Penas y miserias del Vía Crucis
Sin duda, el arzobispo, monseñor Juan José Asenjo, no imaginó las fuerzas negativas que levantaría y la posterior degeneración que ha alcanzado el bienintencionado Vía Crucis del Año de la Fe, que, lejos de percibirse entre la supuesta grey como una celebración catequética, de transmisión de realidades y valores cristianos, de hondo sentido piadoso, se convirtió desde el minuto uno de su convocatoria en un circo en el que no sólo crecieron los enanos sino que fue incorporando fieras corrupias para solaz y regocijo del coliseo. La penúltima ha sido la “restricción” de fieles en el recinto cerrado en el que convertirán el expositor de pasos de las catorce estaciones.
Sencillamente, llegó el “nuevo” Cecop para poner puertas y, a la vez, y, aprovechando la coyuntura, crear privilegios sacando de la caja de dulce de membrillo un trasunto de foto sepia de tribuna para autoridades y elegidos. Vamos, un “Todo para el pueblo... pero sin el pueblo”, en aras de una seguridad que viene a demostrar que hay ciudades que no están preparadas, ni lo procuran, para acoger acontecimientos multitudinarios que se salen de sus estereotipadas libretas de cabecera.

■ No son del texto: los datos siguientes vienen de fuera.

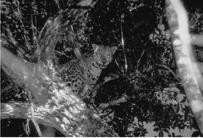
Figura 2. Un jaguar macho (Tony) con radiocollar en nuestro sitio de estudio (marzo de 1999).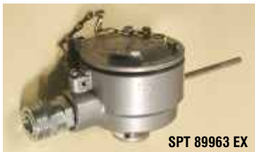
SPT 89963 EX

Опция: Трансмиссер аналогового сигнала 4-20mA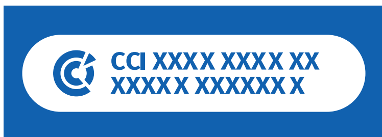
Exemple de version CMJN sur fond de couleur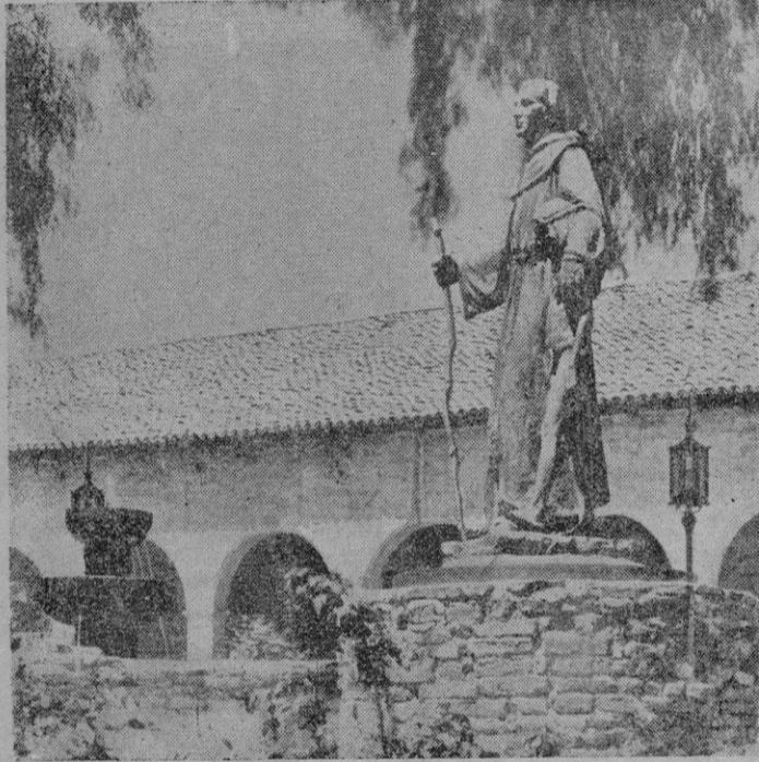
Estatua de bronce de Fray Junipero Serra en la Misión de San Fernando, con la que limita la ciudad de Los Angeles (EE. UU.)

Ello nos lleva a hablar de los retratos.

Retrocedamos. Octubre de 2012: el anuncio del acto más visible y espectacular del Año de la Fe en Sevilla, con el que el prelado daba lugar y protagonismo a las cofradías y, a la vez, usaba el tirón de éstas, saca la cara más feroz del capilleo, y da el pistoletazo de salida para explicitar el intolerable nivel de incoherencia, falta de sensatez y la ausencia de prestancia de un colectivo, que, merced a algunos de sus componentes, y a pesar del empeño de otros, da imagen de mero movimiento estético y superficial en general; de una fuerza, cuyo fin y sentido está dentro de la Iglesia, que muchos desean independiente y autónoma.

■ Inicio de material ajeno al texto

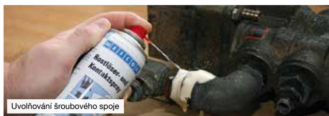
Uvolňování šroubového spoje

Los ejemplos y señales fueron muy claros, plagados de posturas a favor y en contra basadas en argumentos peregri- nos y en no pocos rencores soterrados contra el arzobispo, con el hito del espectáculo, ciertamente bochornoso, dado por doce hombres votando Cristos como si se tratara de un concurso amañado con el que contentar a algunos en detrimento, siempre, de otros, porque el arzobispo dejó en manos del Consejo la organización y la elección de imágenes, ya que era una responsabilidad “técnica” que dejaba en las manos de quienes “más saben de devociones, tradiciones y aspectos estéticos». Nada más que añadir en el resultado de este delicadísimo punto, que admite interpretaciones, filas y fobias tanto desde la objetividad como desde la subjetividad de cada cual.

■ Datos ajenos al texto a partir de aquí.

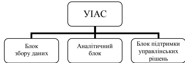
Рис. 1. Структура УІАС як інформаційно-аналітичної системи

прийняття рішень на основі сучасних методів просторового аналізу, моделювання розвитку надзвичайних ситуацій і прогнозування їх наслідків [7]. Виходячи з функцій що виконуються, УІАС НС можна представити у вигляді трьох блоків: блоку збору даних, аналітичного блоку та блоку підтримки управлінських рішень, рис. 1.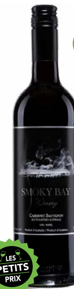
SMOKY BAY CABERNET SAUVIGNON VIN DE TABLE (VDT) 100% Cabernet-Sauvignon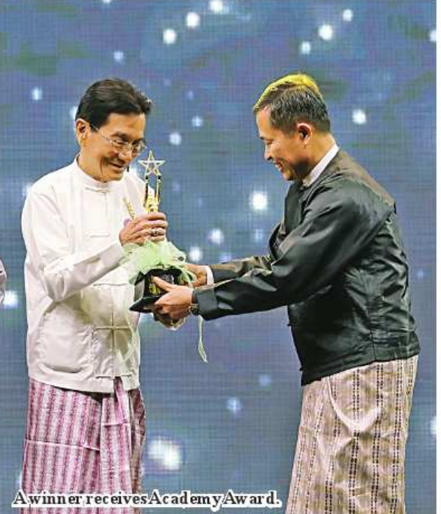
A winner receives Academy Award.

government expressed its gratitude and prayed greater success. In particular, he stressed that while working on national and public affairs, it is important for all those from the literature, film, theatrical and music industries to prioritize organizations over individuals and national affairs over organizations. In that way, they are to work together for the brighter future of their country. Today, the government is implementing two national goals of "prosperity of the country and food security". In order for the country to be prosperous, it is necessary to be self-sufficient in food, and only if we can increase the production and sale of various types of products based on agriculture and livestock,

Con la suerte echada, esperando un turismo que, al igual que muchos sevillanos, no podrá acceder al espacio aforado para contemplar en un paseíto las catorce imágenes elegidas, ni podrá participar, salvo por las pantallas colocadas al efecto o por la retransmisión de María Visión, el rezo de las estaciones, no cabe más que pensar que no era esto lo que pretendía Palacio. La poca profesionalidad, la improvisación, el parcheo y las complicaciones han ido dando la razón a quienes por diferentes y variopintos motivos criticaron el Vía Crucis. Ahora hay argumentos, incluidos los de los que aprovechan de la línea del obispo de Huelva, José Vilaplana, que no autorizó la procesión magna que pretendía el consejo de aquella ciudad, ya que, además de cuestiones de ámbito litúrgico, en la coyuntura de la crisis “sería un antitestimonio cristiano realizar nuevos gastos”. Ahí quedó, para alimentar críticas y para dejar en el escenario un mensaje-torpedo de uno de los Obispos del Sur.
Hay muchos fieles de esta Diócesis que sienten verdadera pena y auténtica desolación al ver el esperpento en que se ha convertido esta celebración, que ha sacado a la luz miserias y mezquindades, desuniones, malos consejos, ineptitudes. Sólo queda desear que, en la maraña de despropósitos y en la medida de lo posible, prevalezca el verdadero sentido de lo que simple y llanamente debe ser un ejercicio piadoso.